Rust’s async/await is structurally identical to C++: stackless, state machine compilation, no built-in scheduler. Rust does not ship an executor in its standard library; production code uses Tokio or async-std. C++ is in the same position. The coroutine language primitives landed in C++20, but std::execution (P2300), the proposed standard executor framework, was still working through the committee at the time of CppCon 2025. Until a standard executor arrives, most production C++ async code runs on top of Asio, folly::coro, or libcoro.

The Combined Pattern

The two models are most productive together. The common production architecture runs a fixed-size thread pool, typically one OS thread per CPU core, with each thread executing an event loop. Coroutines multiplex on top of each thread: when a coroutine suspends at a co_await point, the thread picks up the next runnable coroutine rather than blocking:

Thread 0: [coro A runs] -> [coro A awaits network recv] -> [coro B runs] -> [coro C runs] -> ...
Thread 1: [coro D runs] -> [coro D awaits disk read]   -> [coro E runs] -> [coro F runs] -> ...

OS threads provide true parallelism across CPU cores. Coroutines provide lightweight concurrency within each thread, handling thousands of concurrent I/O operations without a corresponding number of blocked OS threads. The resource footprint for a coroutine is the frame on the heap, on the order of a few hundred bytes for typical async I/O code, versus 8 MB of committed stack per OS thread in the worst case. This is the architecture that makes high-concurrency network servers viable in C++ without adopting Go or Java virtual threads.

Asio has provided this model for years under its strand and executor abstractions. The Networking TS attempted to standardize a subset of it, and P2300 is the broader effort to give std::execution a foundation that covers this pattern.

The Colored Function Problem

Neither model is ergonomically free. Coroutine functions are typed differently from regular functions: a function returning Task<T> is a different animal from one returning T, and you cannot transparently substitute one for the other. Calling a blocking function from within a coroutine stalls the entire OS thread, defeating the point. Bob Nystrom’s essay on function coloring describes the structural issue: when suspension is explicit and typed, code that calls coroutines must be aware it is doing so, and that awareness propagates upward through the call stack.

Go and Java 21 virtual threads hide this by making all code look synchronous from the developer’s perspective; the runtime handles the multiplexing transparently. C++ and Rust trade that ergonomic smoothness for control: you know exactly where suspension can occur, you control the executor, and the runtime imposes no overhead you did not explicitly request. For embedded systems, real-time applications, or code with strict latency budgets, that control matters more than the ergonomic convenience.

When to Use Each

Threads are the right tool when work is CPU-bound and you need true parallelism, when you are calling blocking APIs without async alternatives (certain legacy C libraries, syscalls that lack io_uring or IOCP equivalents), or when total concurrency is small and bounded. A thread per CPU core doing compute-heavy work has no coroutine equivalent.

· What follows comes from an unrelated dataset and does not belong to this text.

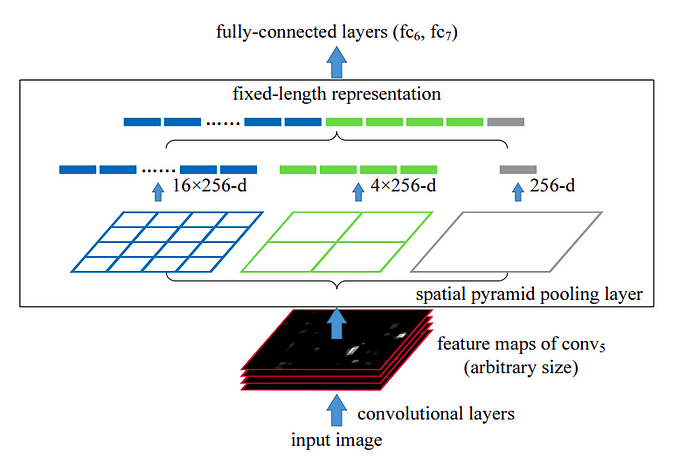 If you make the pooling window and stride proportional to the input image, you can always get a fixed-sized output. Moreover, the SPP layers do not just apply one pooling operation, it applies a couple of different output sized pooling operations (that’s where then same comes from — Spatial Pyramid Pooling) and combines the results before sending them to the next layer.

Coroutines are the right tool when work is I/O-bound and most time is spent waiting, when you need to sustain thousands or millions of concurrent operations with minimal memory overhead, when you want lazy generator-style evaluation, or when you need precise control over scheduling policy.

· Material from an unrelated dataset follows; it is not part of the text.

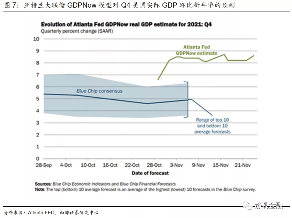 我们在10月31日报告《美国经济会衰退吗?》中指出,Delta病毒对疫情的影响降温、美国财政补贴结束推动就业意愿回升以及特效药问世等因素共振下,Q4美国经济将显著好于Q3。11月24日美国亚特兰大联储预计Q4美国实际GDP环比折年率为8.6%,远高于Q3的实际值为2.1%。

The CppCon 2025 talk is worth watching for the hardware-level walkthrough of how thread scheduling, context switching, and synchronization primitives actually behave. The practical summary is that threads are the unit of OS-level preemptive scheduling and coroutines are the unit of cooperative task management within a thread. They are tools at different levels of the stack, and most production systems eventually reach for both.